A light bulb doesn't care if its electricity was generated by a wind turbine or a coal plant—it just needs electrons to flow.


Similarly, your muscles don't care if your energy came from a steak or a donut; they only recognise the "flow" of ATP.



The Billion-Battery System


The simplest way to visualize this is to think of ATP as a rechargeable battery.


Imagine a toy car. To make it move, you insert a fully charged battery (ATP). As the car drives, the battery loses its juice until it’s dead (ADP). To keep playing, you must take that dead battery, click it into a wall charger, and wait for it to be primed for use again.



This is exactly how your body works:


  • ATP (The Full Battery): A molecule with three phosphates "coiled" together like a high-tension spring.

  • The "Pop": When you lift, a phosphate pops off, releasing a burst of energy.

  • ADP (The Dead Battery): You are left with only two phosphates and no power.


The secret to elite performance isn't just how much ATP you have stored—spoiler: it’s almost none.


The secret lies in your Mitochondria and your energy systems acting as the "wall charger."


Your performance and your training in the gym is dictated by how fast your internal engines can manufacture and "re-click" those batteries back together on the fly.





ATP & The 3 main energy systems;


Adenosine Triphosphate.


the key is in the name.

ATP is a molecule (of adenosine) with 3 bits of stuff attached (phosphates) tightly coiled together by high energy bonds.



the key is in the name.


ATP is a molecule (of adenosine) with 3 bits of stuff attached (phosphates) tightly coiled together by high energy bonds.

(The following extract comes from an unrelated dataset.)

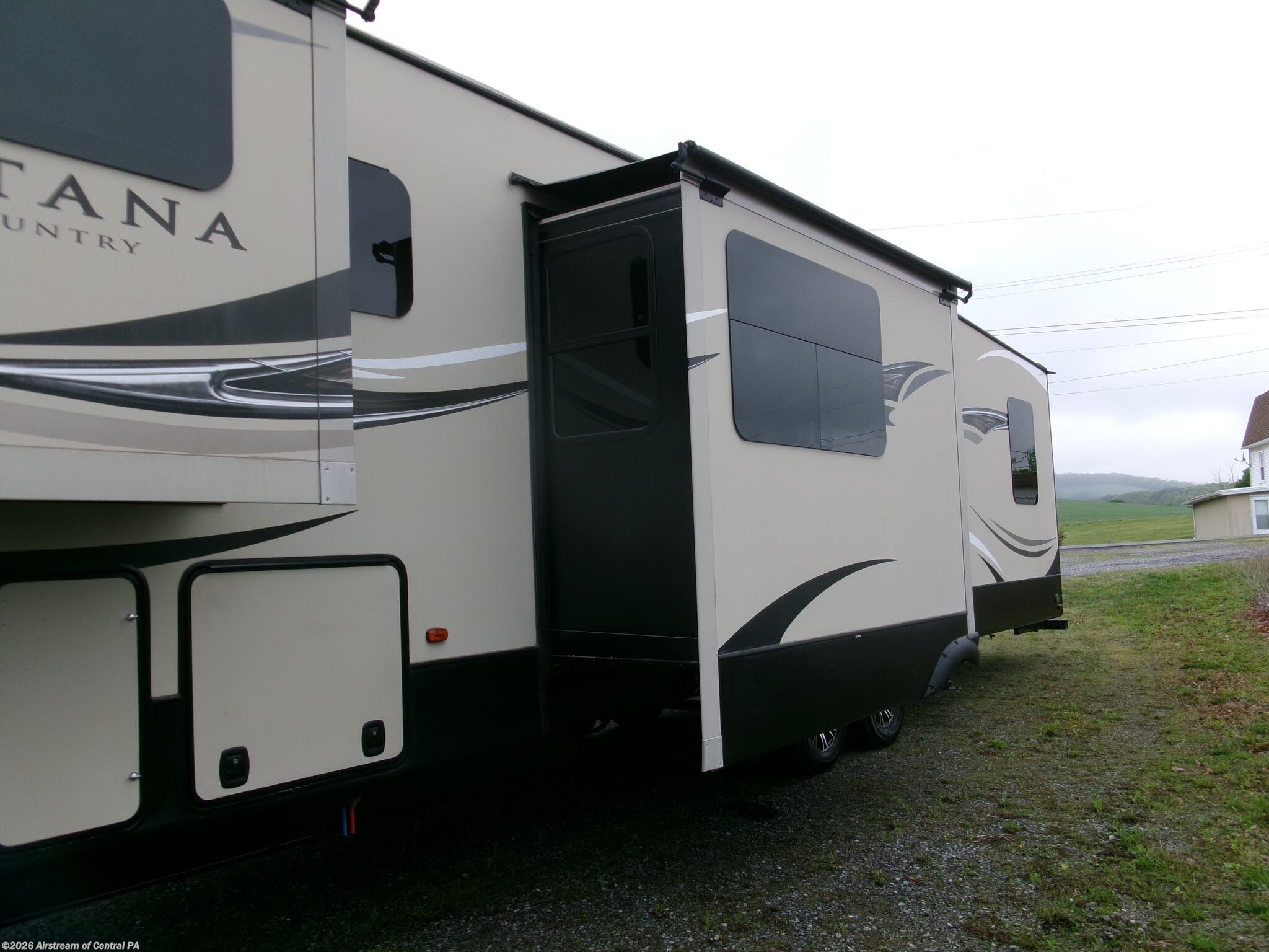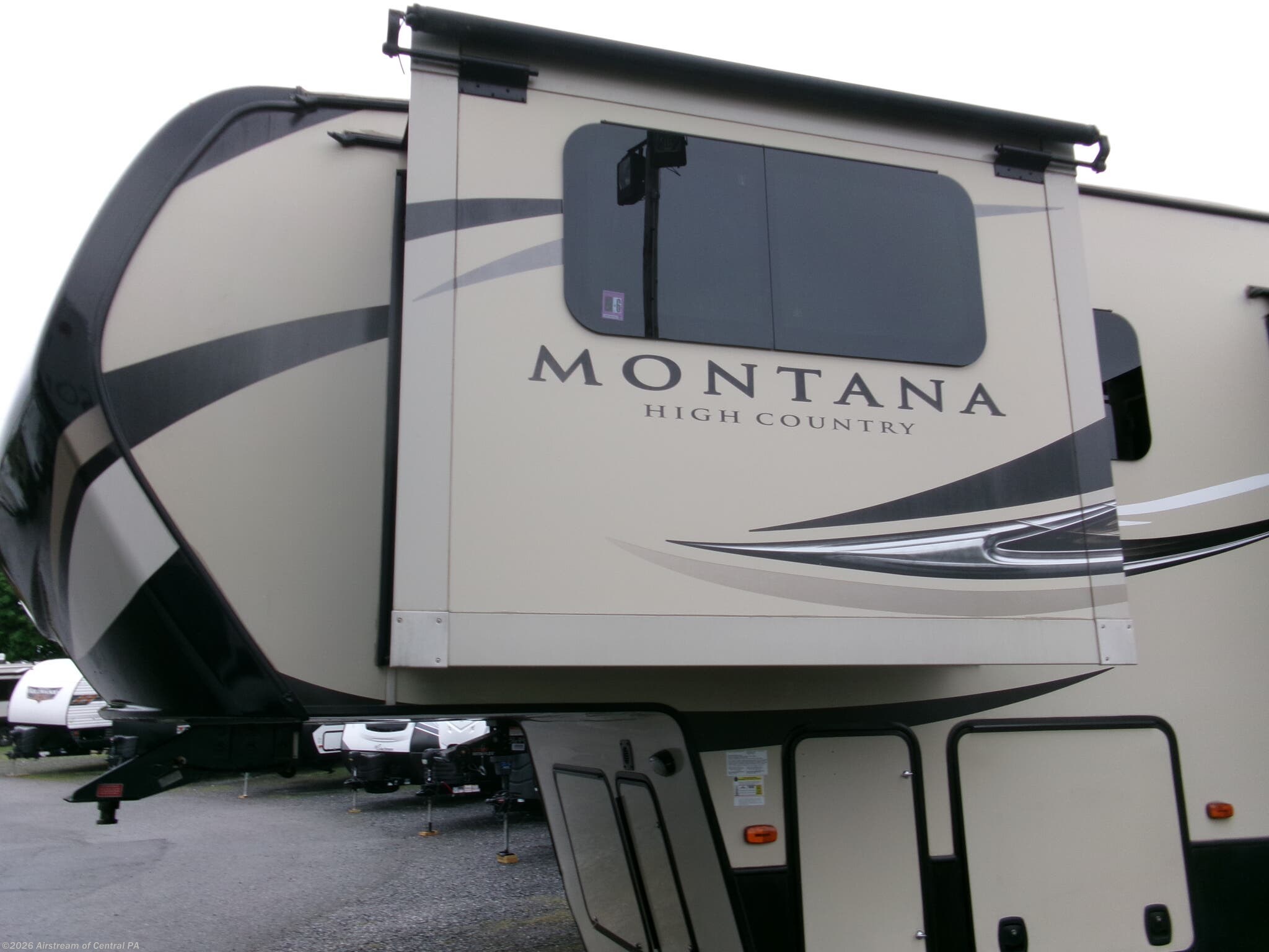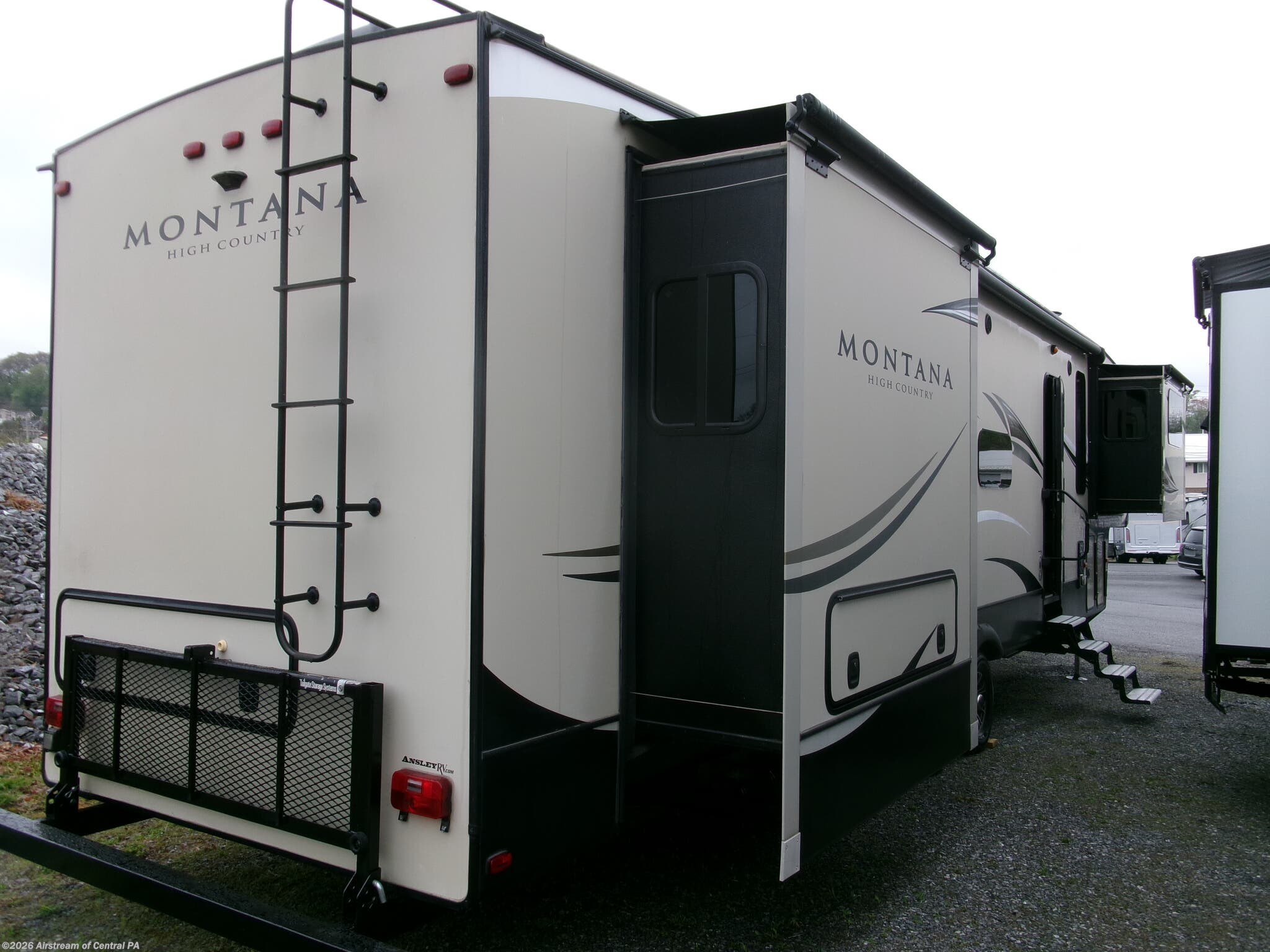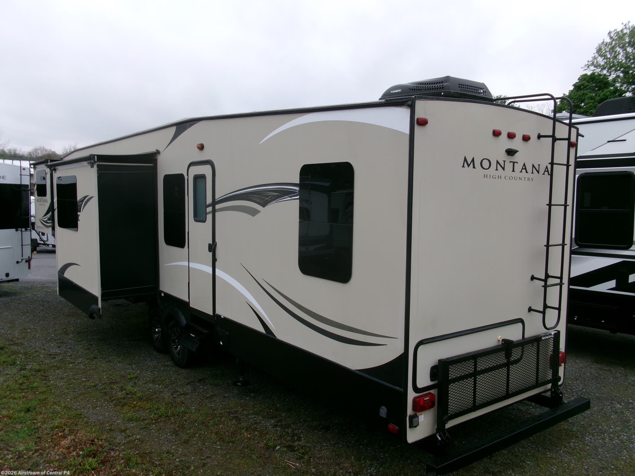 If you like uniqueness with luxury and convenience then it's time to take it up a notch in this Montana High Country fifth wheel. Model 375FL offers a patent-pending front windshield design and unique dual entry, one main entrance along the curbside and one entry across from the bathroom along the roadside. You will enjoy great traffic patterns from this floorplan design. The front living area offers plenty of seating choices plus a HD LED TV above an electric fireplace controlled by a remote to keep you warm during the chilly nights. The rear bedroom allows you to relax and rest on a queen bed with a shiplap design headboard, and watch a 32" HD LED TV before bedtime. You will find plenty of storage throughout the interior as well as outside, and a 2" receiver hitch on the rear, plus much more!

This is effectively a charged battery.



How the Energy is Released


When your brain sends a signal to your muscles, whether to bench press or squat or to your lungs to breathe, your body "breaks" one of those coiled up things and the bond holding them together is broken off violently, so now there is only 2 things.


Once that third thing (phosphate) is gone, the molecule is no longer ATP; (because there is only 2 things instead of 3, hence the TRI becomes DI) what was ATP (3 things) is now ADP (Adenosine Diphosphate)—basically a battery that has been drained of its primary charge.



This is why a max-effort lift feels like an explosion—it's billions of these little bonds snapping at once.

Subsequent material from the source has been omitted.